"Politically Incorrect"

My soaping journey began with a formulation of Savon de Castile, but I quickly learned that Castille soap was just the beginning. Soaps have many qualities having to do with how well they clean, how well they foam, how well they condition, and how well they keep, and, depending on the oils you use, these dimensions can vary considerably. So, I set out to make a soap that cleaned and conditioned better, had better foam, and kept better than my Savon de Castile.

This goal lead me through a list of oils that either singly, or in combination, would give me a "better" soap. I settled on a combination of four oils: Coconut Oil, Beef Tallow, Canola Oil, and Olive Oil, with the goal of making a soap that I could use to bathe and shave with. And so, the soap that I call "Politically Incorrect" was born.

In soap, Coconut oil lathers well, and makes a great cleanser, stripping dirt and body oils readily away, leaving skin (and hair) oil-free. Beef tallow produces a light, creamy lather, and makes a great moisturizer, replacing some of the surface skin oil that the Coconut oil stripped away. It is readily available (with a small bit of work) from your local butcher, as beef fat trimmings. Canola oil also makes a good moisturizer, with a low, creamy lather. And, finally, Olive oil makes a hard, long lasting soap, with a mild lather. Together, these four oils combine into a good, all-purpose soap for mildly-oily skin and hair.

So, after deciding on the oils, and their proportions, I made up a test batch and tried it out. To me, it was wonderful. It lathered into a mix of large bubbles, and thick creamy foam, just right for shaving or washing hair. It stripped all the dirty oils off my skin and hair, leaving them squeaky clean without drying them out. I was satisfied that I had a winner here. But, what to name it?

After a few abortive attempts, I came up with "Politically Incorrect", due to the nature of the oils that I had selected. I can guarantee that, while giving me the best clean I've had, this soap would upset someone: it used animal fats that would upset the "meat is murder" and vegan crowds, nut oils that would upset the allergics, imported oils that would upset the "use local" crew, and oils with names that sound bad, which would upset most sensitive types. So, of course, this soap is, by it's very nature and formulation, politically incorrect.

But, it's the best damn soap that I've ever made.
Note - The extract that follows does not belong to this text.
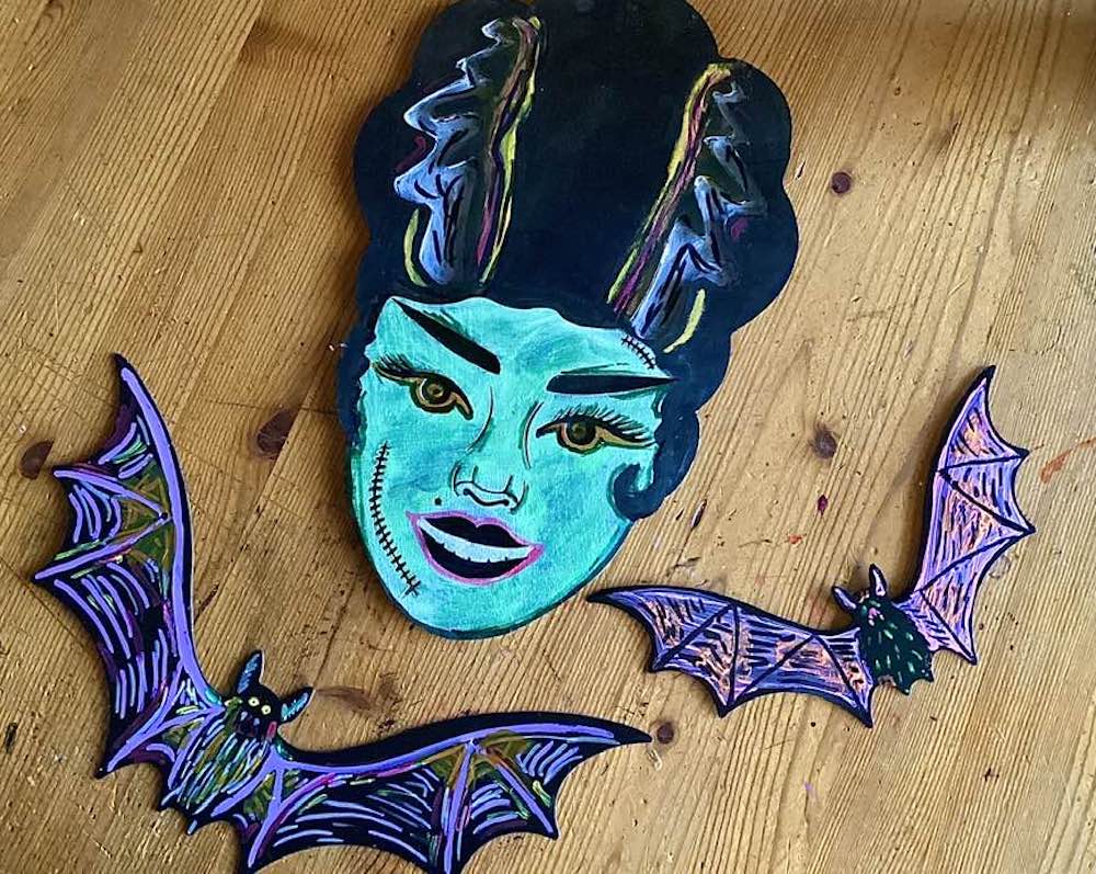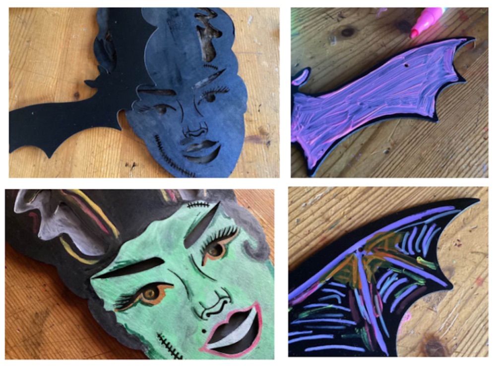 Now, paint some bright details: eyes, wings, fangs, flames, spider webs, or whatever you can think of. It doesn’t have to be fancy or too complicated. We are going for carnival-style, not renaissance impressionism. Keep adding colors and strokes to make a colorful florescent scene ready to try out against a black light.

"Politically Incorrect": the recipe

To make a 1 litre (1 kilogram) batch of "Politically Incorrect" soap, you will need

  • 234 grams of Beef Tallow,
  • 234 grams of Coconut Oil,
  • 234 grams of Canola (Rapeseed) Oil,
  • 78 grams of Olive Oil,
  • 168 grams of distilled Water, and
  • 112 grams of Sodium Hydroxide (NaOH) Lye

This combination will make a hard soap with 5% remaining oils,

Additionally, you will need

  • various glass bowls for measuring and mixing (don't use aluminium, as it reacts badly with the lye),
  • an assortment of silicone spatulas, for stirring the various ingredients
  • a metric kitchen scale
  • goggles and rubber gloves, for handling the Lye
  • a metric thermometer
  • a stick blender
  • a mould capable of holding 1 litre (I use a 12-portion silicone muffin mould)
  • cutting boards and towels to wrap the mould in
  • a warm, quiet place to place the mould in, once filled


  1. Mix the Sodium Hydroxide Lye into the distilled water, and set aside, in a well ventilated area, to cool (it gets very hot).
  2. While the lye solution cools, measure out the fats and hard oils, and melt them to liquid either in the microwave, or on the stove, in a double-boiler, over low heat. They will all melt around or before 40° Celcius.
  3. Measure out all the liquid oils, and blend them (with a stick blender) with the melted fats and oils.
  4. Once the lye solution and blended oils have each cooled to near room temperature (you can allow about 10° C difference in temperature between them), slowly pour the lye solution into the oil mixture and blend with the stick blender until you see trace.
  5. Pour the soap batter into the mould, wrap the mould with towels to keep it warm, and put it into a warm quiet place to cure. You can demould the soap in 24 to 36 hours.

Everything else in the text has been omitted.